FDA now only requires labeling to report AEs that occur in greater than 5% of individuals and twice as many as placebo.

So what about Zyprexa that caused liver problems in 1 in 8 kids on it for only 2 weeks, some are reported as increased LFTs, some as inc. transaminases, some as something else, some as something else and so on. Overall no more than 2 in any one category (2 in 80 or 2.5%). Plus they claim it's "qualitatively" similar to adults.

Over 500 years ago Parcelsus said

'The dose makes the poison'

How high a dose do you think people might push a drug in kids?

Anonymous said...

This all sickens me and is why I am looking at going back to do a pathology residency after 15 years of psychiatric practice. Psychiatry is bad for almost everyone who seeks it out. The world would be better off if it did not exist.

SteveM said...

Re: Psychiatry is bad for almost everyone who seeks it out. The world would be better off if it did not exist.

With Reptiles like Schatzberg elected by his peers to run APA, it doesn't look good...

Anonymous said...


"Psychiatry is bad for almost everyone who seeks it out. The world would be better off if it did not exist."

Are you really a psychiatrist? It's hard to believe anyone who treats the mentally ill would say the world would be better off if psychiatry didn't exist. You are free to practice any way you wish...

Or do you think letting people endlessly suffer with their hallucinations, delusions and suicidal obsessions like they used to in Bedlam is really better than treatment today?

I can't believe you're really a psychiatrist.

SteveM said...

Re: "Or do you think letting people endlessly suffer with their hallucinations, delusions and suicidal obsessions like they used to in Bedlam is really better than treatment today?

Few are advocating that. What disturbs people is the general direction of psychiatry away from a holistic treatment paradigm to mechanistic psycho-pharmacology.

Moreover, in some respects, psycho-pharmaceutical therapy is like chemo-therapy. Dirty drugs are acknowledged to be required to treat very severe illness. It's the expansion of the therapeutic indication for those drugs to less severe mood disturbances and episodic life events with the concomitant abandonment of non-drug therapies that rub observers the wrong way. (Rightfully I believe.)

Toss in the rancid contamination of Big Pharma and you have a professional mess on your hands.

Anonymous said...

The people you describe suffering in "Bedlam" are not the majority of people taking $20Billion per year of psychotropic drugs.

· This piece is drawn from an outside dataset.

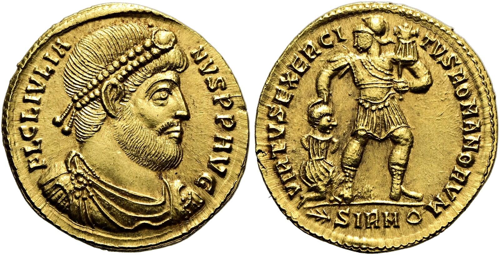 Julian II., 360 - 363 n. Chr. Solidus ø 21mm (4,44g). 361 - 363 n. Chr. Mzst. Sirmium. Vs.: FL CL IVLIA-NVS P P AVG, drapierte Panzerbüste mit Perlendiadem n. r. Rs.: VIRTVS EXERCI-TVS ROMANORVM / SIRM u. Kranz, Kaiser als Soldat mit Tropaeum greift einem gefesselten, knienden Gefangenen an den Kopf. RIC VIII, 99A; C. 78; Depeyrot 22/1.

I can't believe I am a psychiatrist either but what I am is an honest person who is not so self absorbed about what they do that they are afraid to confront failure and that medicine and psychiatry have a long track record of harming people in the name of TX. Cold water baths, frontal lobotomy, isolation chairs are all part of psychiatry and its past. We have come forward for some true, but backwards for most. I stand by my statement. If we are so great why does the WHO report outcomes for psychosis long term are better in third world countries? There is 400% more mental health TX than in 1950 and disability rates have increased almost 7 fold. Great batting average huh? I wish psychiatry helped most people. No one wishes that more than the skeptic/psychiatrist. This does not make it so.